Logo Questions Linux Laravel Mysql Ubuntu Git Menu
 

Which socket accept() errors are fatal?

I am writing a TCP server program in C++ using Boost.Asio, which uses POSIX sockets under the hood in Linux. I have everything working with a loop that continually accepts new connections and spawns server-side sessions with sockets that are initialized upon the successful completion of ip::tcp::acceptor::async_accept (which is a wrapper around the POSIX accept function for you C programmers out there).

Of course, the async_accept operation can emit an error code. Upon receiving such error codes, I log them, and continue the accept loop indefinitely until the program is terminated.

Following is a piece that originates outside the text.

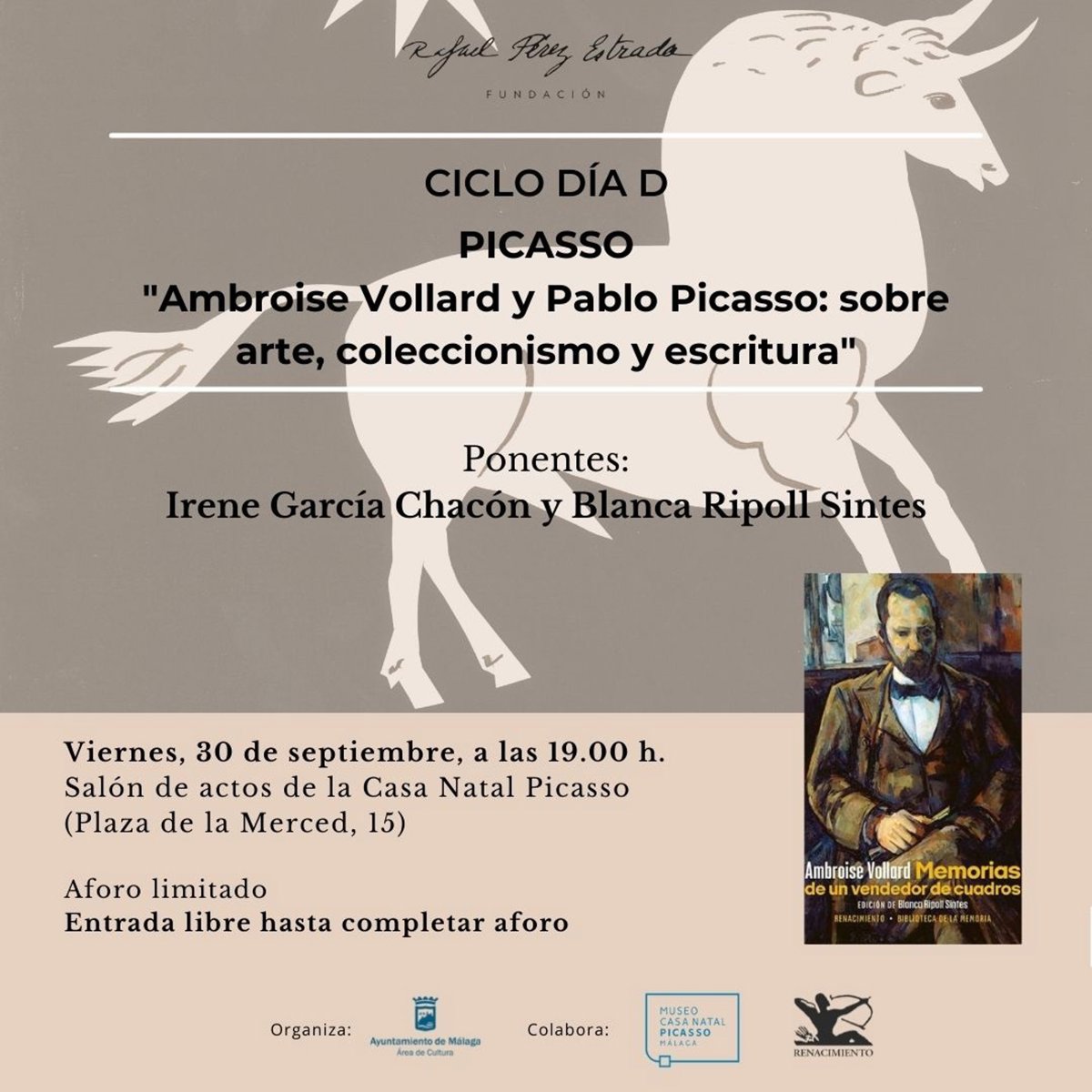 Cartel del encuentro 'Ambroise Vollard y Pablo Picasso: sobre arte, coleccionismo y escritura' - AYUNTAMIENTO DE MÁLAGA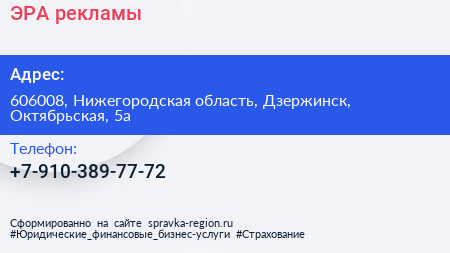 ЭРА рекламы по адресу 606008, Нижегородская область, Дзержинск, Октябрьская, 5а в дальнейшем Организация, размещена в следующих категориях:

I would like to classify the errors in two categories:

  1. "Non-fatal" errors that are entirely due to the client (e.g. disconnecting, protocol violation). When these occur, the program should continue listening for new client connections. If the program doesn't continue in these cases, then one misbehaving client can effectively DoS the whole system.
  2. "Fatal" errors that are due to programming error or bad server configuration. When these occur, the program should break out of the listening loop and terminate.

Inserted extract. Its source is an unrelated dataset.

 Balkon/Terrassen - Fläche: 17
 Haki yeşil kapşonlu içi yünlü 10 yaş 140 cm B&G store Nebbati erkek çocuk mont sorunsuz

How can I tell if an error code belongs to either of my so-called "fatal" and "non-fatal" categories? Is there an open-source application/library out there that already figured this out, so that I can peruse it for inspiration? It doesn't need to use Boost.Asio; something that directly uses (or wraps) POSIX sockets would be useful as well.

What makes matters more complicated is that I'd like my program to be portable, but Linux would be my primary target.


ADDENDUM: This question also applies to C programs that use the POSIX API directly. Boost.Asio is a low-level wrapper around the POSIX API and passes most underlying POSIX error codes intact.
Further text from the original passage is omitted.